If you prefer notifications to stay on screen until you dismiss them, choose Persistent as the alert style. For a brief banner that disappears automatically, choose Temporary.
What it looks like in practice
Once configured, here is what you will see when an agent finishes its work and waits for input.
The tab indicator
When an agent triggers the bell, you will see a bell icon appear in the tab bar next to the session name. This is your at-a-glance indicator that something needs your attention in that tab.

Compare this with a tab where no bell has been triggered — the difference is immediately visible:

The macOS notification
Simultaneously, macOS will display a notification banner. This appears even when iTerm2 is not the active application, so you will get alerted whether you are in your browser, an IDE, or any other app.

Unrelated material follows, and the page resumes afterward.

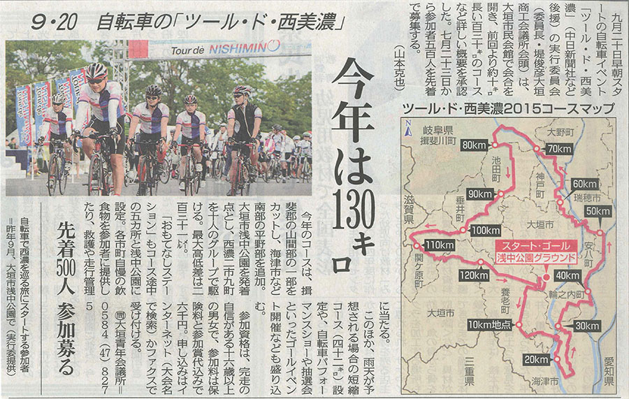 「ツール・ド・西美濃」9月20日に号砲
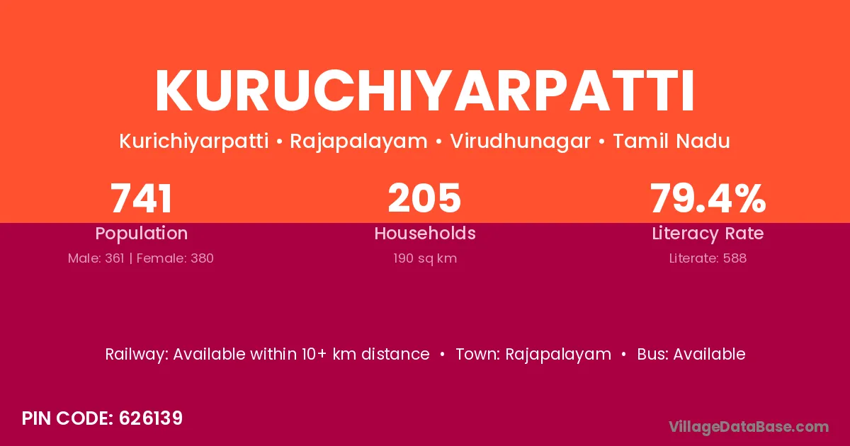 Rajapalayam is the nearest town to Kuruchiyarpatti village for major economic activities

The notification shows you which session triggered it and why (idle, bell, etc.), so you know exactly which tab to switch to.
Fine-tuning your setup
Silencing the audible bell
If you have multiple agents running, the default terminal bell sound can become grating quickly. The "Silence bell" checkbox in the Terminal settings eliminates the audio while keeping the visual tab indicator and macOS notifications intact. This is the recommended configuration for multi-agent workflows.
Customising notification sounds
In macOS System Settings > Notifications > iTerm2, you can toggle Play sound for notification on or off independently from the terminal bell sound. This means you can silence the terminal beep but still get a notification sound from macOS — giving you a single, non-repetitive audio cue.
Alert on Next Mark
iTerm2 has another useful feature for long-running tasks: Alert on Next Mark. Press ⌥⌘A (Option + Cmd + A) after kicking off a long process, and iTerm2 will send a notification when the next shell prompt appears (the "mark"). This is useful for one-off commands like test suites or build processes, though it is less practical for ongoing agent conversations where you want persistent monitoring.
Alternative: Claude Code notification hooks
If you use a terminal other than iTerm2, or want more granular control over when notifications fire, Claude Code supports notification hooks. These are shell commands that execute in response to specific Claude Code events.
You can configure hooks in ~/.claude/settings.json with matchers for idle_prompt (Claude is waiting for your next instruction) and permission_prompt (Claude needs approval to run a command). Tools like terminal-notifier on macOS can then send native notifications from any terminal application.
The iTerm2 approach described in this article has the advantage of being terminal-native, requiring no additional software, and working with any AI agent or CLI tool — not just Claude Code.
Key takeaways
Configuring iTerm2 notifications takes under three minutes and eliminates the single biggest source of wasted time when working with AI coding agents in parallel: not knowing when they need your attention.
Enable bell and idle alerts, silence the audible bell, and let macOS notifications do the rest. Your agents are already fast — this ensures you are not the bottleneck.